Вскоре появилась третья девчонка, одетая в джинсы и свитер, коренастая, лицо скрывает тень от длинной челки. Похоже, раздеваться она и не собирается. Развалившийся в кресле Сперанский – у него на коленях, визжа, елозит промежностью рыжая – предлагает ей не стесняться и присоединиться к общему веселью. Коренастая уходит, возвращается с бутылкой и бокалами. Разливает, один бокал молча сует Носкову, другой – Сперанскому. Вдруг бьет по щеке вторую девчонку, которая безучастно сидит рядом с Носковым. Та, словно заведенная кукла, начинает грубо и как-то механически ласкать старика.
Юра промотал запись вперед. Телевизор в гостиной гремел на полную мощность, Носков, пританцовывая, бродил от стены к стене, потом опустился на пол и ткнулся лицом в ковер, будто потерял сознание. Малолетки, хохоча, размазывали друг по дружке куски торта; коренастая стояла, подпирая дверной косяк, наблюдала. Сперанский сидел на прежнем месте и орал, снова предлагая ей раздеться и сделать ему минет. Наконец, коренастая отлепилась от двери, взяла со стола бутылку, подошла к писателю и с размаху ударила его бутылкой по голове! Послышался отчетливый тупой звук, брызнули в стороны осколки стекла, кто-то завизжал, а Сперанский медленно сполз с кресла…
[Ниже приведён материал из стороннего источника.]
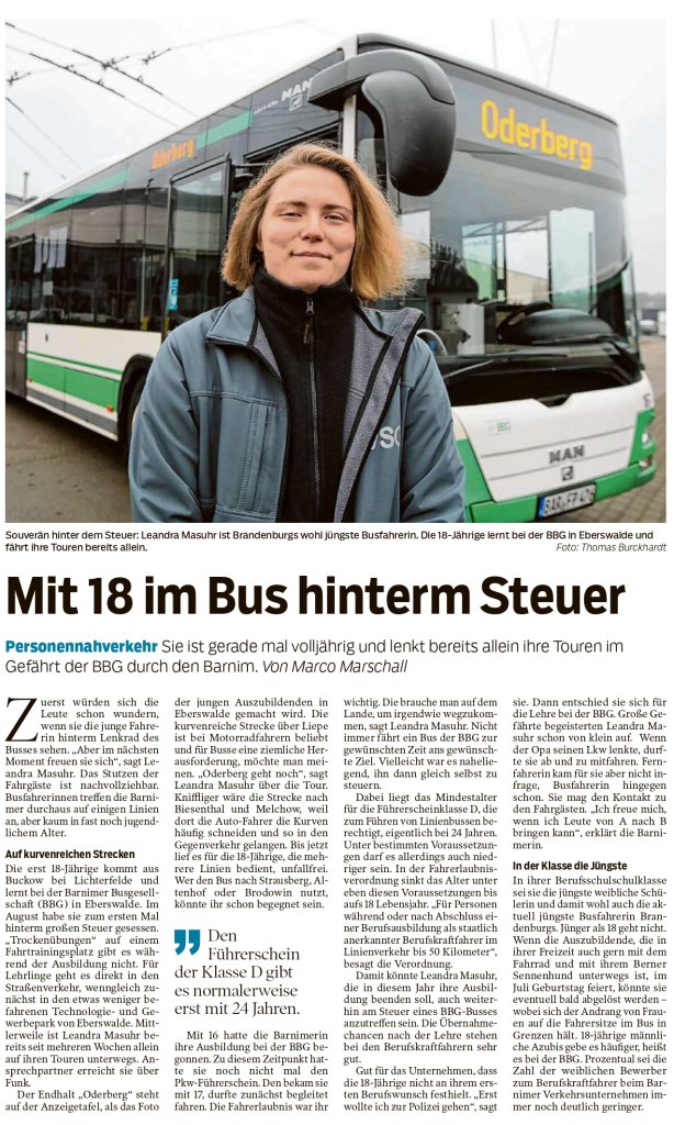 ▓ Bei der Barnimer Busgesellscha (BBG) arbeitet Brandenburgs wohl jüngste Busfahrerin. Die 18-jährige Leandra Masuhr aus Buckow bei Lichterfelde ist im Januar 2021 noch 18 Jahre jung. Zu jenem Zeitpunkt ist sie Auszubildende bei der BBG, soll aber noch im selben Jahr ihren Abschluss machen. Schon als Azubine lenkt sie die großen Geährte auf ihren Touren völlig selbstständig durch den Landkreis
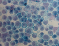 ■ 細胞診検査:細い針を腫瘤に刺すことにより細胞を採取し、どういった細胞から構成されているかを確認します。これにより、非腫瘍性の変化である炎症(細菌などの感染による)や過形成(正常組織の増殖)などと腫瘍を鑑別できることがあります。また、腫瘍であった場合、良性悪性の鑑別、腫瘍を構成する細胞の種類(上皮系、非上皮系)の鑑別ができることがあり、一部の腫瘍(リンパ腫,肥満細胞腫など)については細胞診により確定診断が可能となります。麻酔をかける必要がなく、動物への侵襲も少ないといった利点があります。ただし、腫瘍の一部の細胞しかとることができないため、有意な結果が得られないことがあるという欠点もあります。
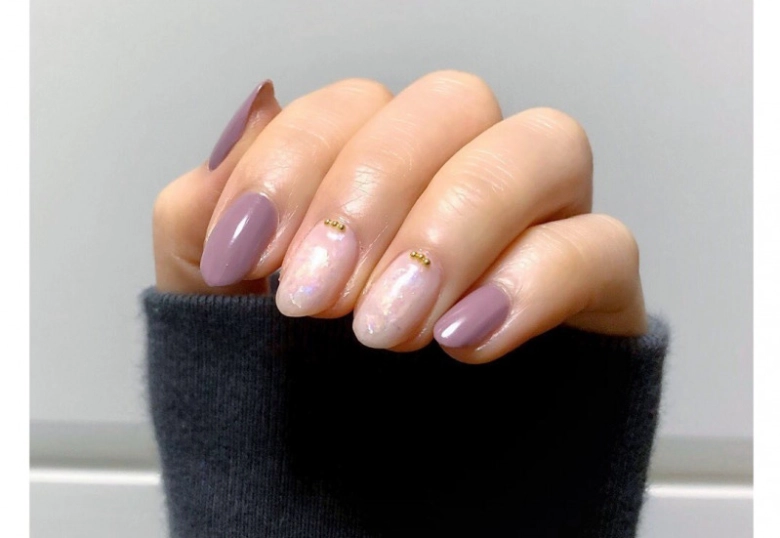 ワンカラーの上にラメやシェルを乗せることで、シンプルなだけじゃない大人かわいいネイルになっています。主張しすぎないように、ラメの量を調整することがポイントです。グレージュ、ベージュ、パープルでまとめたネイルですが、紫の色味が入るだけで梅雨の季節感を感じられますね。すぐそこに迫る初夏を連想させるシェルもポイントです。
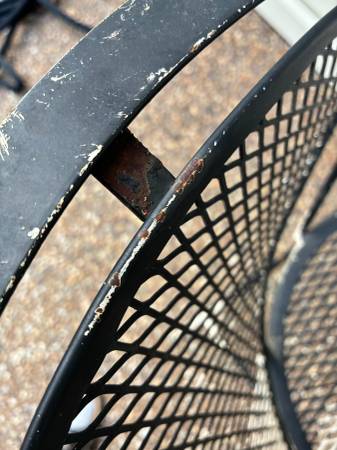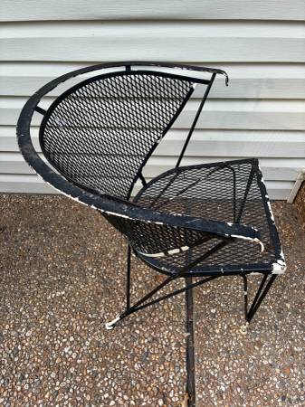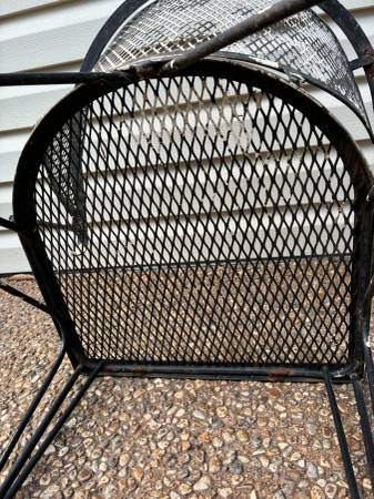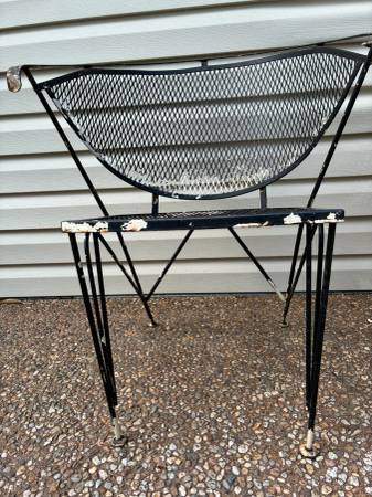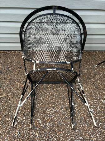 Price per EACH. 2 Mid Century Chairs Wrought Iron and Mesh Patio. Black paint peeling off white paint. I live close to south county mall in Oakville. I prefer text or call please, thanks.

– Что же это такое?! – очнувшись, сказал Тресков, когда коренастая стала душить шнуром Сперанского, а ее подружки накинули шнур на шею Носкова. – Получается, лилипуток надо выпускать? А ведь уже готовое было дело… И зачем я с тобой пошел?
– Наверное, ради истины, – сказал Юра.
Загадка разрешилась, но не в таком ключе, как он думал. Значит, второго дна в этом убийстве нет. Обычная уголовщина, случайность.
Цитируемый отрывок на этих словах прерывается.